START Data for the task

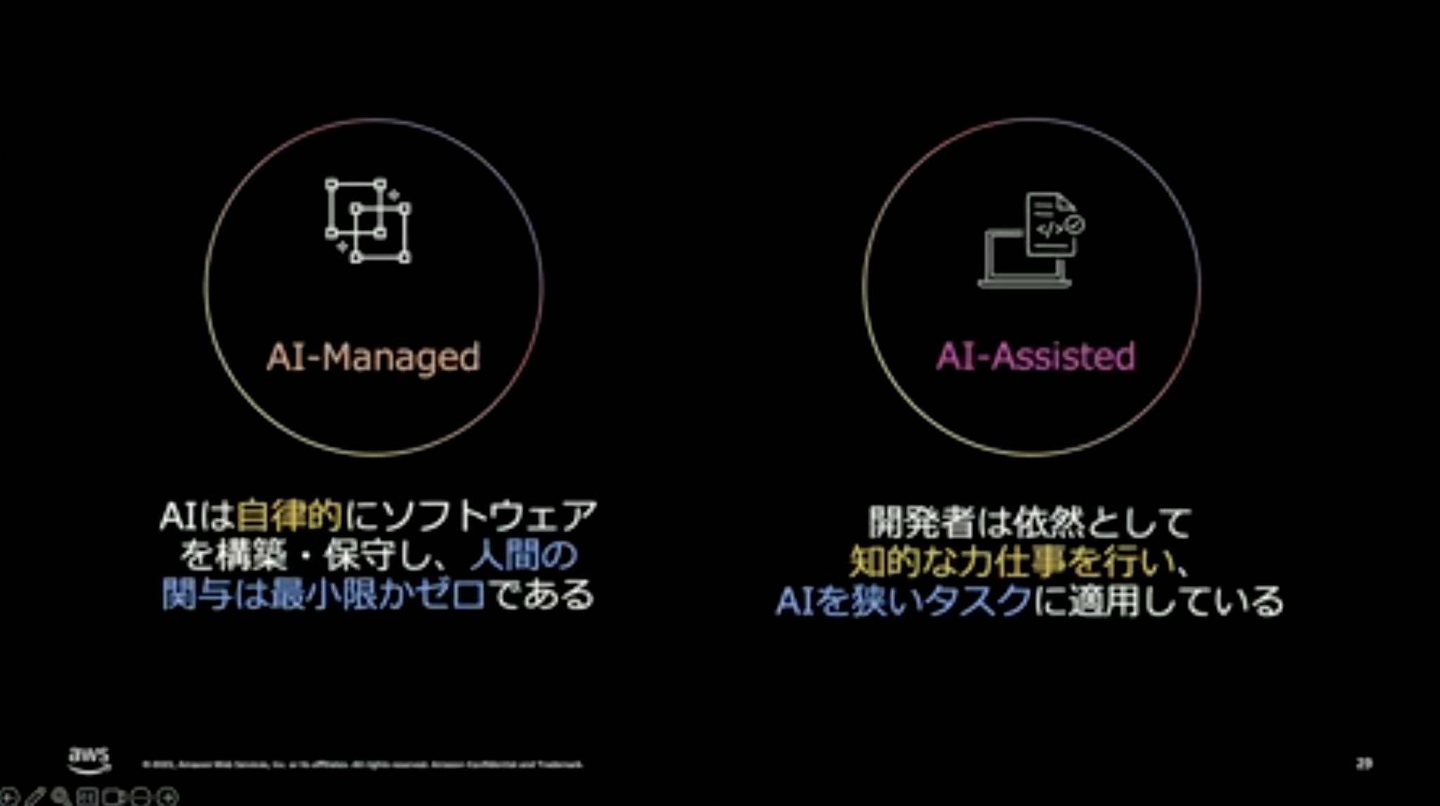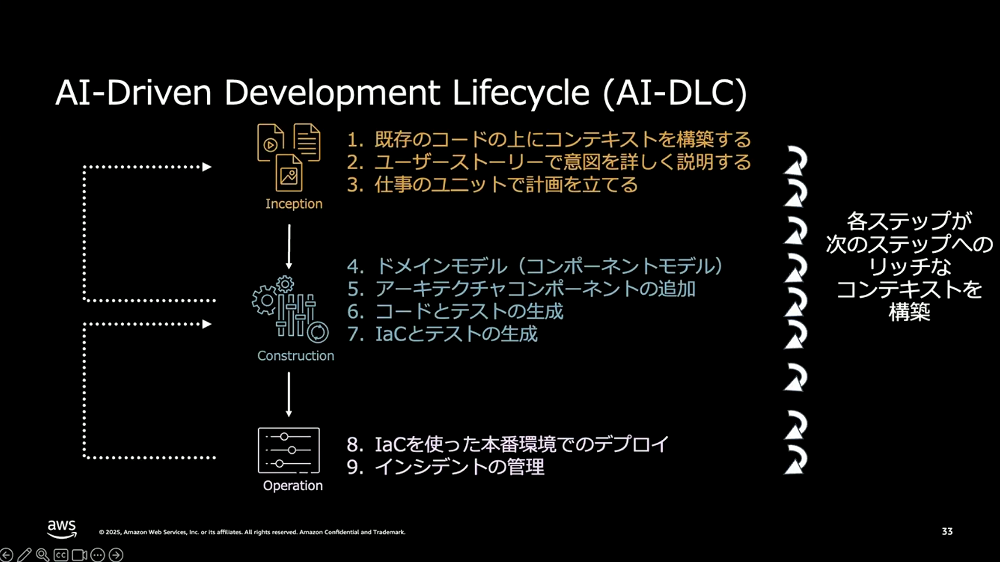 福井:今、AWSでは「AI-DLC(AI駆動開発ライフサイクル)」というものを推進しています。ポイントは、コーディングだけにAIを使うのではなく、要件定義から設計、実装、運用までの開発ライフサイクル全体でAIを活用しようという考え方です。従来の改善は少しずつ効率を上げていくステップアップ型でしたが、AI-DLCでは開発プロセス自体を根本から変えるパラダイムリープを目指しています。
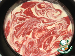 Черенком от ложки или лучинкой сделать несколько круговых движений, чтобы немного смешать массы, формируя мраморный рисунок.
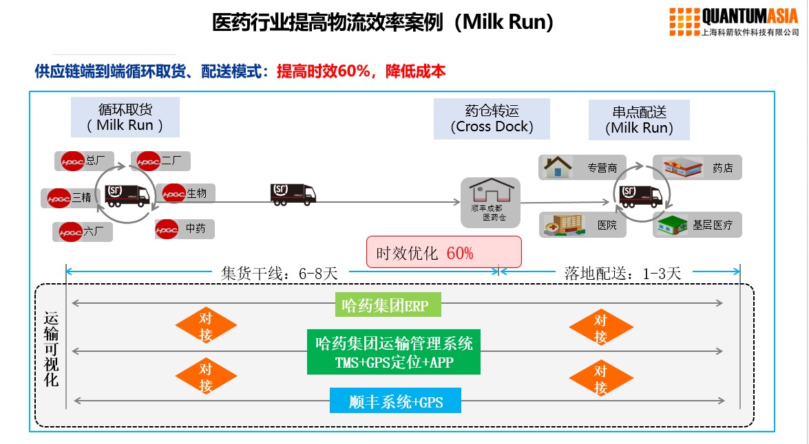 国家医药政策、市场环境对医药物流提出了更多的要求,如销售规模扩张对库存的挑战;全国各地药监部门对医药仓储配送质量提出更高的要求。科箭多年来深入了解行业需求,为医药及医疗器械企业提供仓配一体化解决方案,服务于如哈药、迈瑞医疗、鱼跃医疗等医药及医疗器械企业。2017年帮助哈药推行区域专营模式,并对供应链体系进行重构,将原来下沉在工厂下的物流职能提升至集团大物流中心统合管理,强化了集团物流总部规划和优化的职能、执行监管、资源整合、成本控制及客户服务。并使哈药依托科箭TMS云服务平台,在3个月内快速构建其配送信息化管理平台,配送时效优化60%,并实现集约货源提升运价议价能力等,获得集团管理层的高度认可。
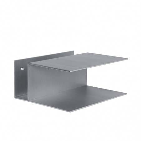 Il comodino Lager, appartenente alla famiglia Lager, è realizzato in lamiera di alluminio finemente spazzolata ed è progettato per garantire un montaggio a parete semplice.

END Data for the task
START Data for the task

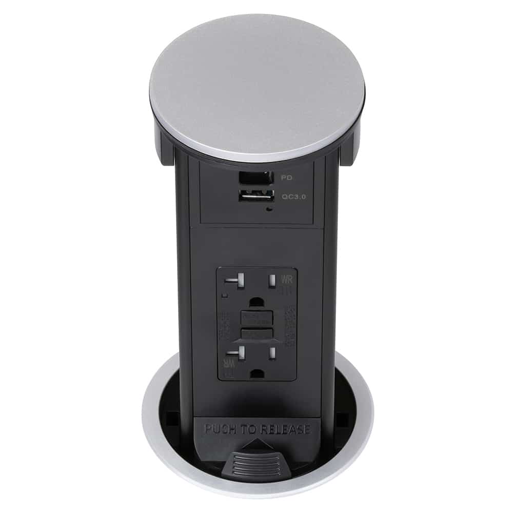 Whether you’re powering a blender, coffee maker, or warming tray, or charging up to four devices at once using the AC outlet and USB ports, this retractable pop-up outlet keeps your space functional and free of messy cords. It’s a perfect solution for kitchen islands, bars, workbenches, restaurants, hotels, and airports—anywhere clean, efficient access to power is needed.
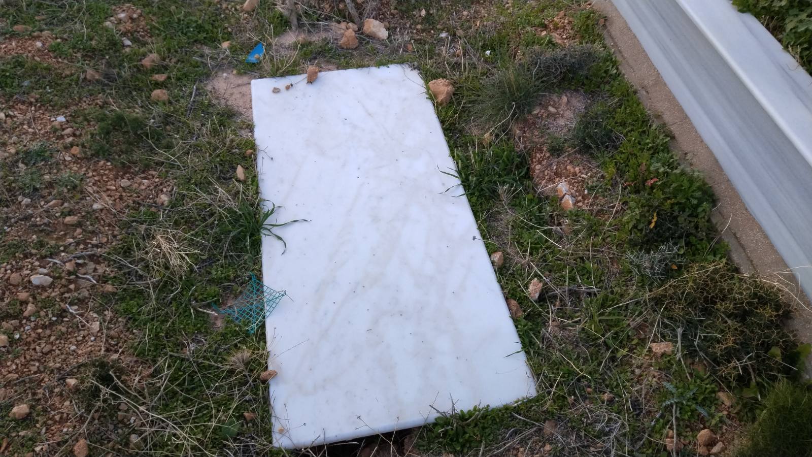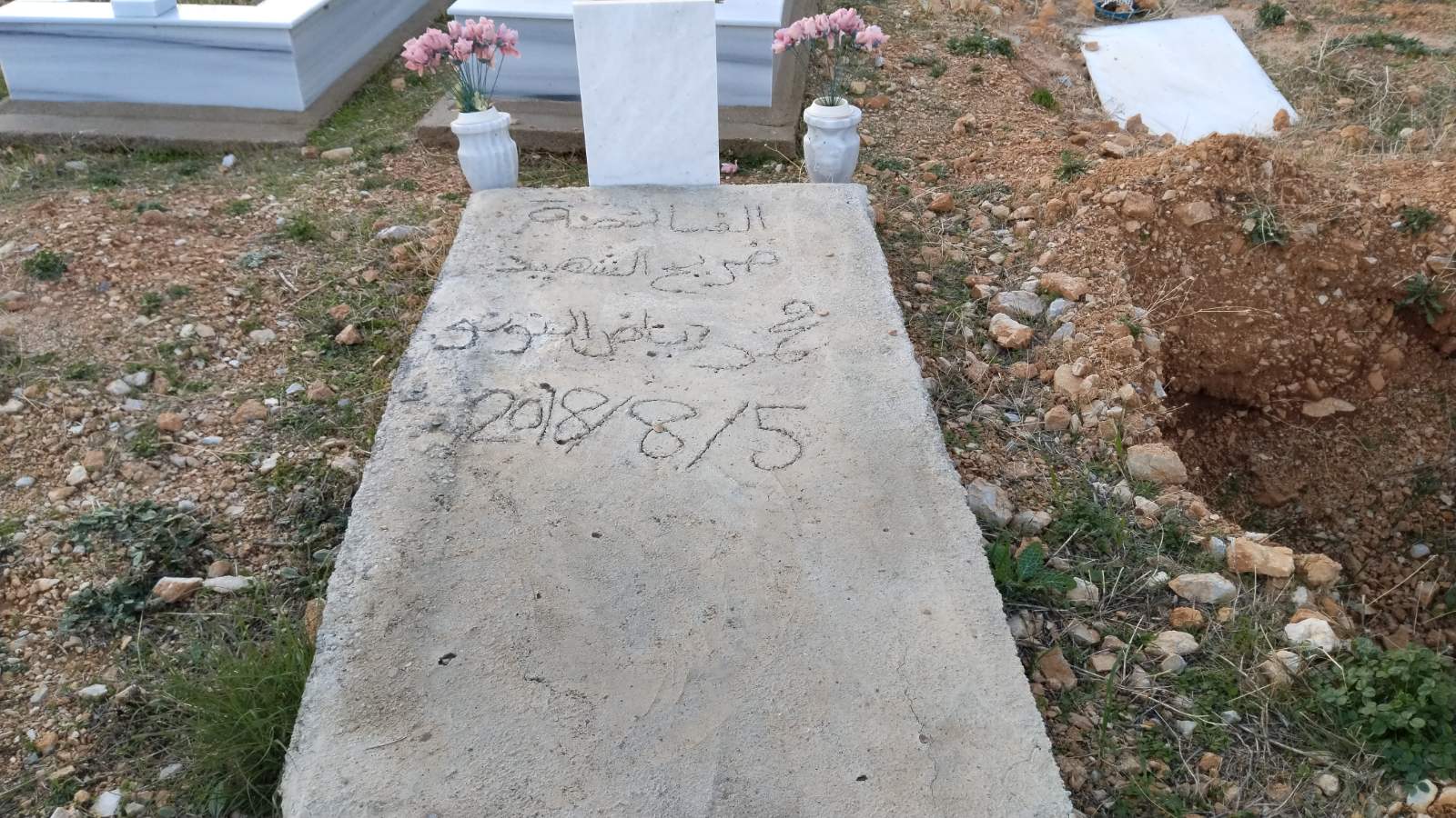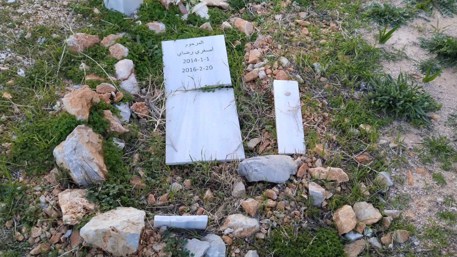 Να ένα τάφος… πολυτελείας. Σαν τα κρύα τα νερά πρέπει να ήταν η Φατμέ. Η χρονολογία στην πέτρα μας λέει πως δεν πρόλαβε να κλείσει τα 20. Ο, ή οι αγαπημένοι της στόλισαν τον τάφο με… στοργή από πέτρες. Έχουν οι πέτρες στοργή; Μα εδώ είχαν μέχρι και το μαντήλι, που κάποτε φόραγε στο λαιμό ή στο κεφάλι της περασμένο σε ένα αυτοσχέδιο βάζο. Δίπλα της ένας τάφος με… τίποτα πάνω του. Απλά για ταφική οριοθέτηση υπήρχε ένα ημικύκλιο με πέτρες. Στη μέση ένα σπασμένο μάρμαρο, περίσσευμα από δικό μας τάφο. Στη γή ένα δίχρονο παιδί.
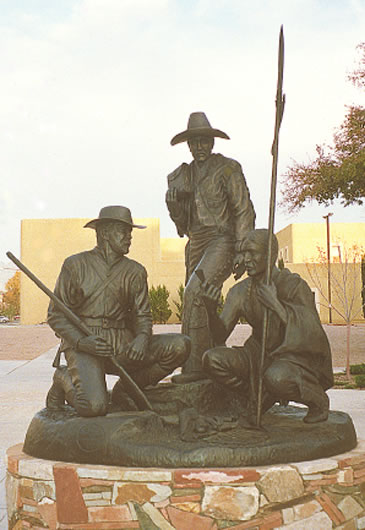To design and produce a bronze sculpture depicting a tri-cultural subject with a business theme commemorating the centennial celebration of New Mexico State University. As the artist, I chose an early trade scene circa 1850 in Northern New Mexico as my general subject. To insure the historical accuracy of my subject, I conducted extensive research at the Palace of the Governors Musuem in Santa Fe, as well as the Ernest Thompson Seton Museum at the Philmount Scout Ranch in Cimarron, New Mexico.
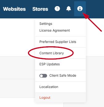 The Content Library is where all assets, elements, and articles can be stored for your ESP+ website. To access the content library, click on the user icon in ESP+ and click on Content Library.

END Data for the task
START Data for the task

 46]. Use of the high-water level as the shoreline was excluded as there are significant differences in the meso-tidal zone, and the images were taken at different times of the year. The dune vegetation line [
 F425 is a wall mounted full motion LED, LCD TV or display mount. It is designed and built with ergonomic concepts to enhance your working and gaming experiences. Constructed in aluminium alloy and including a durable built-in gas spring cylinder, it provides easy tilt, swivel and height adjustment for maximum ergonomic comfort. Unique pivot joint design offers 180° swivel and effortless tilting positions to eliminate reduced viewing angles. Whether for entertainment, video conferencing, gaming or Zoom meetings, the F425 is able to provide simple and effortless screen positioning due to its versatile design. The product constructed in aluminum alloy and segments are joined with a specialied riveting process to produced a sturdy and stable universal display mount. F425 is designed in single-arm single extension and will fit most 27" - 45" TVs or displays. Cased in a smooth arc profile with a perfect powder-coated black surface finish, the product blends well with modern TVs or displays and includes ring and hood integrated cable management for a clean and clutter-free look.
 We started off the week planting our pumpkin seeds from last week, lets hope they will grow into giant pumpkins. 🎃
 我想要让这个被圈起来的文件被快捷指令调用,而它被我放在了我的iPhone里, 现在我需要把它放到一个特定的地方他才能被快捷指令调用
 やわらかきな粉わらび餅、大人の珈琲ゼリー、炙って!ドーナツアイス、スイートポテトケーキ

END Data for the task

## [What the task asks]
Transcribe the lines above exactly, beginning at the one with "Черенком от ложки" and ending at the one with "Il comodino Lager, appartenente". Include both; exclude the pictures.

## [Exercise answer]
 Черенком от ложки или лучинкой сделать несколько круговых движений, чтобы немного смешать массы, формируя мраморный рисунок.
 国家医药政策、市场环境对医药物流提出了更多的要求,如销售规模扩张对库存的挑战;全国各地药监部门对医药仓储配送质量提出更高的要求。科箭多年来深入了解行业需求,为医药及医疗器械企业提供仓配一体化解决方案,服务于如哈药、迈瑞医疗、鱼跃医疗等医药及医疗器械企业。2017年帮助哈药推行区域专营模式,并对供应链体系进行重构,将原来下沉在工厂下的物流职能提升至集团大物流中心统合管理,强化了集团物流总部规划和优化的职能、执行监管、资源整合、成本控制及客户服务。并使哈药依托科箭TMS云服务平台,在3个月内快速构建其配送信息化管理平台,配送时效优化60%,并实现集约货源提升运价议价能力等,获得集团管理层的高度认可。
 Il comodino Lager, appartenente alla famiglia Lager, è realizzato in lamiera di alluminio finemente spazzolata ed è progettato per garantire un montaggio a parete semplice.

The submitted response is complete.